One issue is that some students have grades that tie for the top 2 grades in a given row. For example, Aaron has a high score of 42, but then there are two scores that tie for the second highest (i.e., 36).
df <-
Student = c("Aaron", "James", "Charlotte", "Katie", "Olivia",
"Timothy", "Grant", "Chloe", "Judy", "Justin"),
ID = c(30016, 87311, 61755, 55323, 94839, 38209, 34096,
98432, 19487, 94029),
Quiz1 = c(31, 25, 41, 10, 35, 19, 27, 42, 15, 20),
Quiz2 = c(42, 33, 34, 22, 23, 38, 48, 49, 23, 30),
Quiz3 = c(36, 36, 34, 32, 43, 38, 44, 42, 42, 37),
Quiz4 = c(36, 43, 39, 46, 40, 38, 43, 35, 41, 41)
row.names = c(NA, -10L),
class = c("tbl_df", "tbl", "data.frame")
I know that I can use pivot_longer to do this, which allows me to arrange by group, then take the top 2 values for each student. This works fine, but I would like a more efficient way with tidyverse, rather than having to pivot back and forth.
What I Tried
df %>%
pivot_longer(-c(Student, ID)) %>%
group_by(Student, ID) %>%
arrange(desc(value), .by_group = TRUE) %>%
slice_head(n = 2) %>%
pivot_wider(names_from = name, values_from = value) %>%
ungroup() %>%
mutate(Total = rowSums(select(., starts_with("Quiz")), na.rm = TRUE))

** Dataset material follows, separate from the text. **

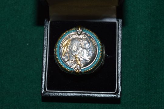 Decorative silver ring.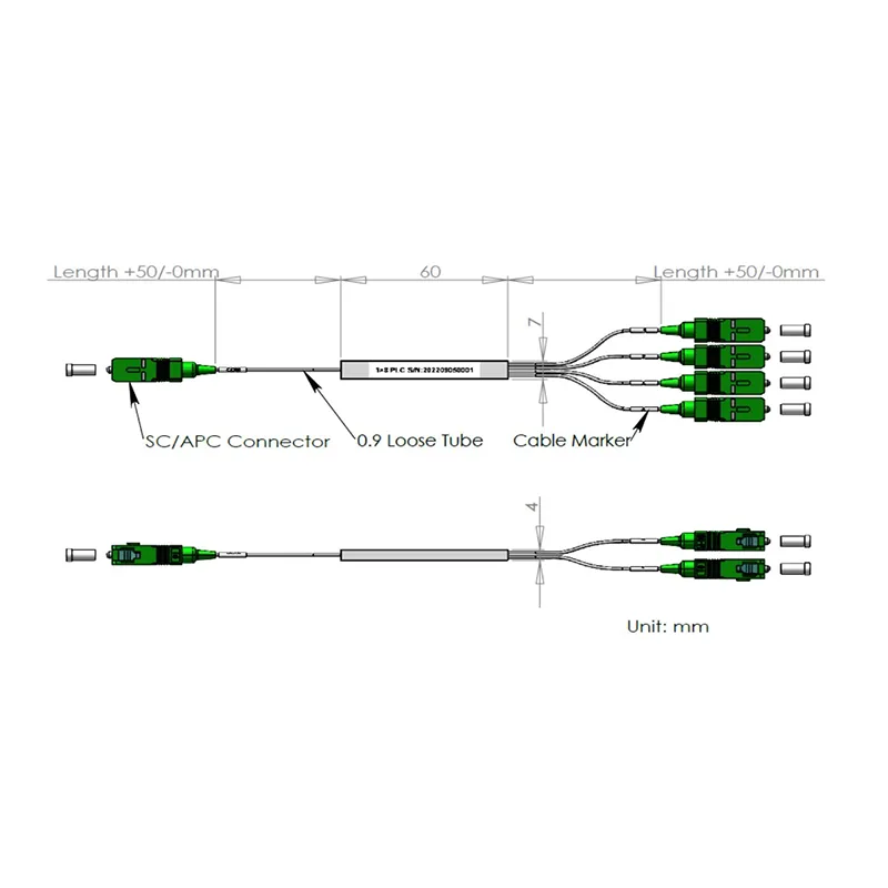 1 × 8 8 PLC Splitter Tube Tube Package 60x7x4mm, nge-900μm tube okuxekethile 1.0 ne-0.75 + 0.055 / -0M, Isixhumi se-SC / APC.

I also know that if I wanted to sum all the columns on each row, then I could use rowSums, as I made use of above. However, I am unsure how to do rowSums of just the top 2 values in the 4 quiz columns.
Expected Output
# A tibble: 10 × 7
Student ID Quiz2 Quiz3 Quiz1 Quiz4 Total
<chr> <dbl> <dbl> <dbl> <dbl> <dbl> <dbl>
1 Aaron 30016 42 36 NA NA 78
2 Charlotte 61755 NA NA 41 39 80
3 Chloe 98432 49 NA 42 NA 91
4 Grant 34096 48 44 NA NA 92
5 James 87311 NA 36 NA 43 79
6 Judy 19487 NA 42 NA 41 83
7 Justin 94029 NA 37 NA 41 78
8 Katie 55323 NA 32 NA 46 78
9 Olivia 94839 NA 43 NA 40 83
10 Timothy 38209 38 38 NA NA 76
df %>%
rowwise() %>%
mutate(Quiz_Total = sum(sort(c(Quiz1,Quiz2,Quiz3,Quiz4), decreasing = TRUE)[1:2])) %>%
#> # A tibble: 10 × 7
#> Student ID Quiz1 Quiz2 Quiz3 Quiz4 Quiz_Total
#> <chr> <dbl> <dbl> <dbl> <dbl> <dbl> <dbl>
#> 1 Aaron 30016 31 42 36 36 78
#> 2 James 87311 25 33 36 43 79
#> 3 Charlotte 61755 41 34 34 39 80
#> 4 Katie 55323 10 22 32 46 78
#> 5 Olivia 94839 35 23 43 40 83
#> 6 Timothy 38209 19 38 38 38 76
#> 7 Grant 34096 27 48 44 43 92
#> 8 Chloe 98432 42 49 42 35 91
#> 9 Judy 19487 15 23 42 41 83
#> 10 Justin 94029 20 30 37 41 78
with base R - select just the quiz result columns and you can treat it like a matrix. apply sort in decreasing order, subsetting first two elements, and then use colSums.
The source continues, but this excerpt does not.